Jul
22

Wise word to edu from mobile guru on App Store

Mobile expert Enrique Ortiz at About Mobility Weblog describes the power that ease of discovery has for delivering content. He writes in the context of mobile, and the huge success of the new Apple App Store, which I have been extolling for its new way of making content available. The new mechanisms of the App Store are illustrating, as Enrique says, “that people WILL” use what they can discover.

“Discovering” begins by finding something you want online. Educators can increase the use of open educational resources by making them findable. To join in a major way in the cascade from the App Store (and its inevitable clones), education assets will need to be not only findable in these environments, but downloadable and useful, as Enrique says:

Awesome, 10 million downloads, in just 3 days.

I (and others) knew it all along, and proves the point I we have been making again and again and arguing for a long time: that people WILL download applications, if the problem w/ downloading (i.e. discovery) is solved. (Of course, the app must be useful to begin with) — see

>iPhone SDK, the App Store, the iPhone on the Enterprise . . . .

Apple solved it, and everyone is happy… Andriod MUST solve it, if they want to be successful w.r.t. local apps.

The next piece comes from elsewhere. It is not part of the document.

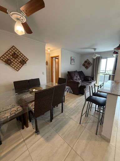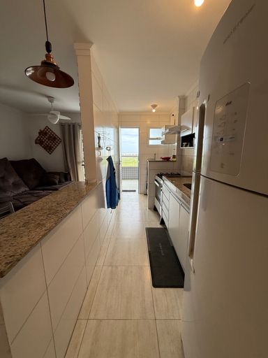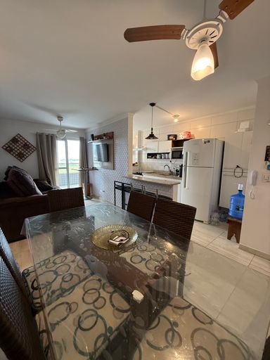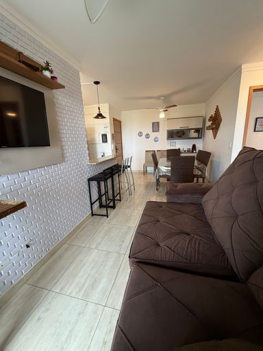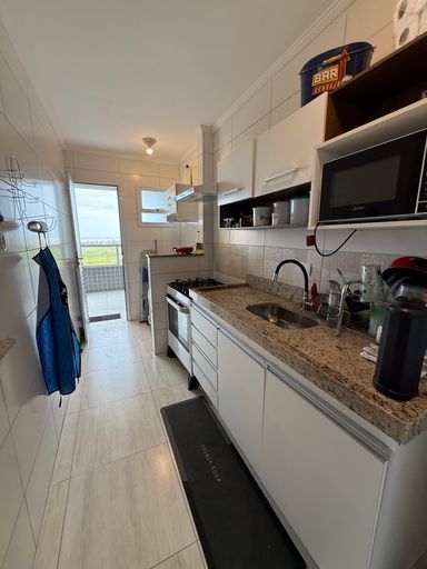 O apartamento conta com uma sala ampla e bem iluminada, dormitórios aconchegantes e uma cozinha funcional, ideal para quem deseja um espaço prático e confortável. A varanda complementa o ambiente, proporcionando um local agradável para relaxar e aproveitar a brisa do mar.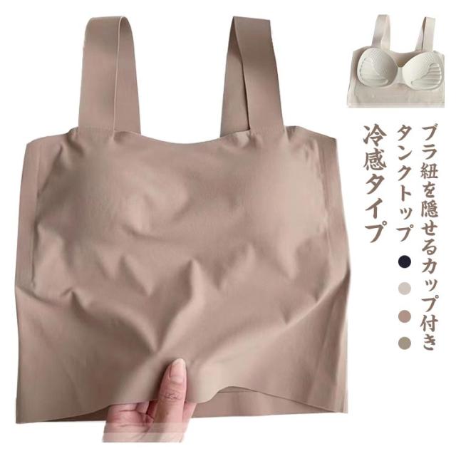 カップ付ブラ紐隠しインナー 接触冷感 ひんやり 冷感 タンクトップ シームレス 胸元 隠す インナー カップ取り外し可能 ブラ紐 レディース キャミソール タンクトップ キャミ インナー ベージュ ブラック モカ 肌色 黒 送料無料

Java ME doesn’t have a solution to this, and that is a problem. And Mobile Widgets also need a discovery solution. Ease of discovery must always be part of the mobile solution: being it a search box, an icon on the home page of the handset, a mobile widget, or side-loading…

One way edu could make open educational resources discoverable is by pointing to them with learn nodes that are easily findable blog-like little webpages for micro topics that are within the resources. (Resources have to be open for this to work. The App Store makes both open (free) and for sale apps available, which is literally a mixed bag.)